--- Given information Enclosed Below ---

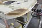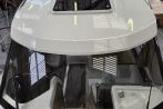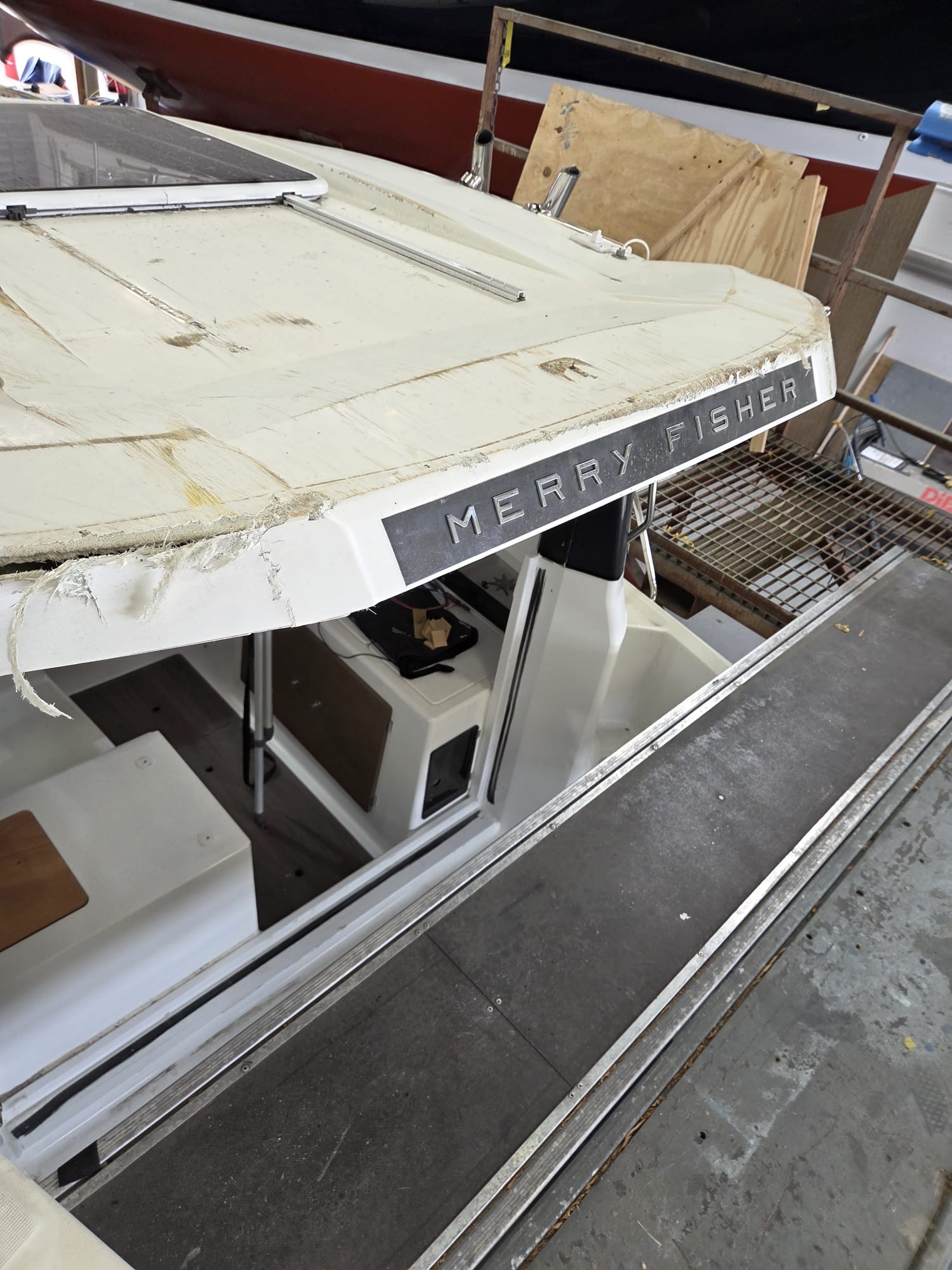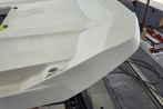When this Jeanneau Merry Fisher 695 arrived at Fox’s, she was in a sorry state. After sustaining significant impact damage, the transom and wheelhouse had been left badly crushed.
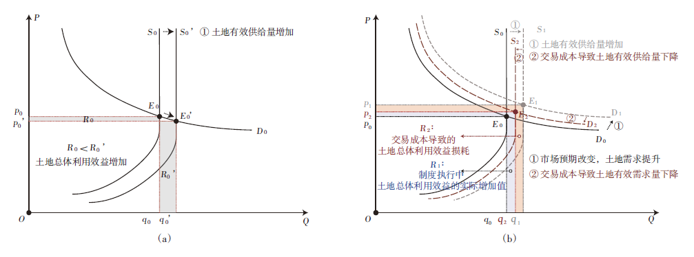 新制度经济学的研究指出了“看不见的手”是有先决条件的,只有在交易收益大于交易成本的前提下,市场机制才能有效配置资源。由于土地及其表面附属物具有很强的不可移动性,故而土地交易行为是有高昂代价且稀缺的,无法通过市场自发的无限试错以实现空间配置最优。只有当制度运行的总体成本不断得到压缩并小于权利转移后的效益增量时,才能接近土地开发效益最优的理想状态(图(1b))。
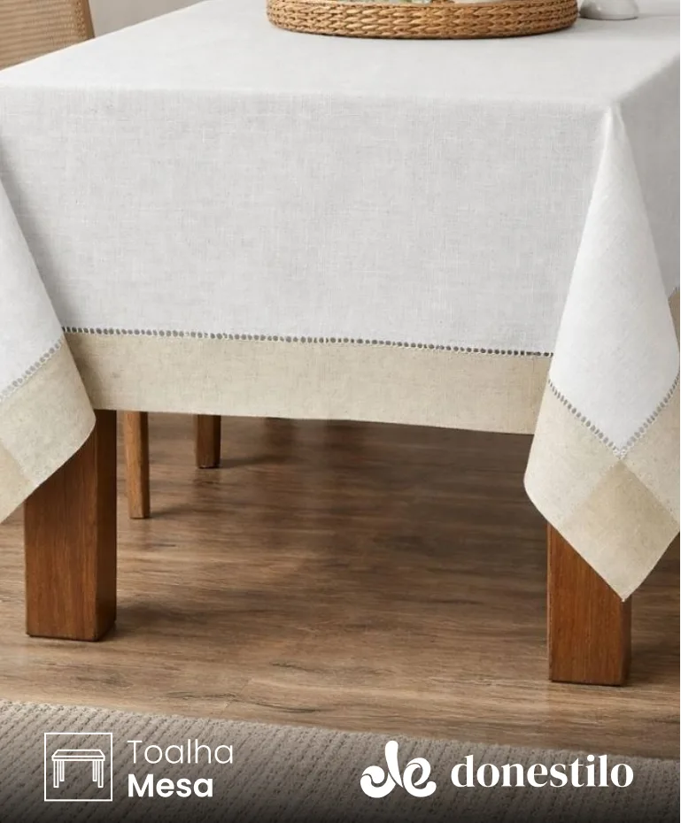 Toalha de mesa quadrada 2,00m x 2,00m, ideal para mesas de até 8 lugares. Em 100% algodão, com barra em

--- End of Enclosed Given information ---

Restate the full listing verbatim and drop every picture.

When this Jeanneau Merry Fisher 695 arrived at Fox’s, she was in a sorry state. After sustaining significant impact damage, the transom and wheelhouse had been left badly crushed.
 新制度经济学的研究指出了“看不见的手”是有先决条件的,只有在交易收益大于交易成本的前提下,市场机制才能有效配置资源。由于土地及其表面附属物具有很强的不可移动性,故而土地交易行为是有高昂代价且稀缺的,无法通过市场自发的无限试错以实现空间配置最优。只有当制度运行的总体成本不断得到压缩并小于权利转移后的效益增量时,才能接近土地开发效益最优的理想状态(图(1b))。
 Toalha de mesa quadrada 2,00m x 2,00m, ideal para mesas de até 8 lugares. Em 100% algodão, com barra em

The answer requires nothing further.